Feature Film | 2022 | Action, Drama, Suspense | 1h 58min
Naane Varuven is made interesting by Selvaraghavan, though the content rings stale memories from many such movies.
Sep 29, 2022 By Baranidharan Sivasankaran

Where To Watch:
   Amazon Prime

A dual role for Dhanush, which happens to be his third after 'Kodi' and 'Pattaas', and the one that unites him with his brother director Selvaraghavan after a decade - 'Naane Varuven' has arrived audaciously along with a heavyweight like 'PS-1'. While the movie garnered a decent pre-release buzz, it carried the tag as that of a budget movie. This largely meant that it ought to be content driven. Director Selva's recent record as a director has not been great. Can the brothers pull this one off which is also a movie about brothers?

'Naane Varuven' is a supernatural thriller revolving around the lives of twins 'Kathir' and 'Prabhu' (Dhanush playing the dual role). The story has a semblance of 'Aalavandhaan', with one of the twins being evil and the other one leading a tame and timid life. When Prabhu's daughter is possessed by the ghost of another kid, Prabhu goes on a hunt to retrieve his 'daughter' and save her from harm. Did he succeed in that and what happens when Kathir and Prabhu meet after these many years of being separated at a young age?

The 'isms' that we usually associate with a Selva movie, like the beaten down hero or the weird dialogue delivery, were missing in this one. Yes, we get a crude and evil man leading the movie, but he is more sophisticated and maintains an element of calm considering the standards of a 'Selva film'. We get some dialogues in English and subtitles to make things easier for the crowd.

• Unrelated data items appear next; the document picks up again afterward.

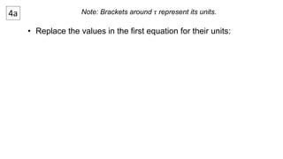The document discusses calculating wind stress and wind speed from equations. It is deduced that the units of wind stress are Pascals (Pa), which is a unit of pressure. Using given values in equations, a wind speed of 16.5 m/s is calculated to produce a drag coefficient of 1.05 x 10-3. Additionally, a wind speed of 22.5 m/s is calculated to produce a wind stress of 4.9 x 10-2 Pa when given values for air density and drag coefficient.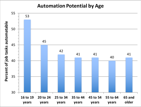 Automation potential represents the percentage of job tasks being done by workers in each category that could be automated. The youngest workers, who are more likely to be performing routine tasks, are hardest hit by automation. Numbers reflect the percentage of job tasks that are automatable; the percentage of entire jobs eliminated would be much lower.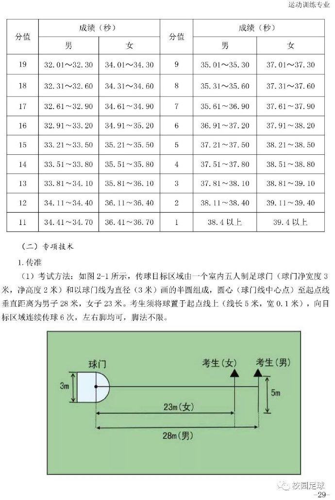 2020年体育单招足球专项考试具体考试方法及评分标准如下:

The first half, at the end of which we learn of the possession, was riveting. It brought memories from vintage Selvaraghavan's screenplay book that made things exciting as the movie progressed. Though we get the run-of-the-mill scary template of a ghost possessing its host, we get to watch it through the lens of Selva, which makes it a different experience.

Indhuja, who plays the pair for Dhanush, was convincing. Her role was underserved, and her capability as an actor has been left untapped. Also, the second pair, Elli Avram was justifiable for the role as that of a North Indian female. Prabhu and Yogi Babu in supporting roles had limited scope and they've done a decent job.

Yuvan's BGM was fantastic. The 'Veera Soora' number was not impressive as a standalone number, however, when watched along with the movie brought in that eerie feel and Dhanush's swag did the rest to make it more magical. Om Prakash's frames were haunting and brought in those thrills well.

Dhanush, the actor shoulders the entire film with poise. The variations that he displays with his dynamism is something commendable. Playing the good and bad guy and making the audience root for both characters is praiseworthy. Very few actors possess those qualities to pull off contrasting characters that they get to play in the same movie.

Post interval, things moved a little hastily, and the tension and buildup that made the first half worthy disappeared. Everything was pretty mechanical and predictable. The climax portions were filled with some naive scenes of one-on-one action and illogical heroism. Also, it finished as an open-ended riddle.

So, the coming together of director Selvaraghavan and actor Dhanush has been largely welcoming. However, the movie could have done way better in the latter half had the writing in Selvaraghavan been brisk enough to deliver the goods. The length at just about 2 hours does help the movie to a large extent to stand the storm of cliches and rhetoric. Overall, it's a watchable Selvaraghavan film.